→ Your task:
Transcribe word for word the lines below from the line with "10:01 · 20 may. 22 · Hootsuite Inc." through the line with "Envia'ns un WhatsApp", ends included.
** Opening Extracted entries block **
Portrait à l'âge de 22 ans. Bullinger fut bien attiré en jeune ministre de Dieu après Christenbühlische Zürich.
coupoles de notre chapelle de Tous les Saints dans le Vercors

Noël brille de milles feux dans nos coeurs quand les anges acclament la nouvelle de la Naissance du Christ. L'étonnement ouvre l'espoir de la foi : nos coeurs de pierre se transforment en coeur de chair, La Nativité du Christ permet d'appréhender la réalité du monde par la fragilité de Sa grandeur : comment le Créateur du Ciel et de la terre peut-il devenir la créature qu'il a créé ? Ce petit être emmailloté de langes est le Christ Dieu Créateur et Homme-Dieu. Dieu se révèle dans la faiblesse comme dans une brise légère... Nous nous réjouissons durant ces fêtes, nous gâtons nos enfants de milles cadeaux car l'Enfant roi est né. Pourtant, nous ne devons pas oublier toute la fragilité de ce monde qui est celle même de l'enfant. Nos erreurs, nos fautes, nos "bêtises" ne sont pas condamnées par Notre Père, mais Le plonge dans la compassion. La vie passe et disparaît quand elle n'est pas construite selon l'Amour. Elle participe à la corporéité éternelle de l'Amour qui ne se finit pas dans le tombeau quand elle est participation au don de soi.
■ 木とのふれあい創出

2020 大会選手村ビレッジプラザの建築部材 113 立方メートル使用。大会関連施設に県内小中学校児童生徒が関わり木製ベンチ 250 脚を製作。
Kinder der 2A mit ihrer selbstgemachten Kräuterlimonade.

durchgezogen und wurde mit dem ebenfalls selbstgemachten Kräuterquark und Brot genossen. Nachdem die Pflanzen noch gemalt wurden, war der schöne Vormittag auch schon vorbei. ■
** Closing Extracted entries block **
** Opening Extracted entries block **
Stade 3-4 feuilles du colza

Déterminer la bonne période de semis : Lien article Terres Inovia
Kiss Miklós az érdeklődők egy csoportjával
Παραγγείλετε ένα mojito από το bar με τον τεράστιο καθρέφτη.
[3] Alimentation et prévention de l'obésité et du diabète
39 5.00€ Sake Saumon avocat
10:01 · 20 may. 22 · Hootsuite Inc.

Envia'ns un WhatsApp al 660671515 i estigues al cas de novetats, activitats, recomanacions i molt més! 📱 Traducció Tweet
** Closing Extracted entries block **
** Opening Extracted entries block **
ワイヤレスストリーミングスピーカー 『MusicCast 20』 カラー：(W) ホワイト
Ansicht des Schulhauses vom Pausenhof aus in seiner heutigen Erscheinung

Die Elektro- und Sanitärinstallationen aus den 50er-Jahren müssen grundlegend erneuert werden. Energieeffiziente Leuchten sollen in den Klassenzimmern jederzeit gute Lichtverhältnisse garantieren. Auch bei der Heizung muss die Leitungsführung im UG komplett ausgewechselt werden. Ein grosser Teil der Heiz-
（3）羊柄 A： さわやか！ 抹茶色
** Closing Extracted entries block **
→ Your solution:
10:01 · 20 may. 22 · Hootsuite Inc.

Envia'ns un WhatsApp al 660671515 i estigues al cas de novetats, activitats, recomanacions i molt més! 📱 Traducció Tweet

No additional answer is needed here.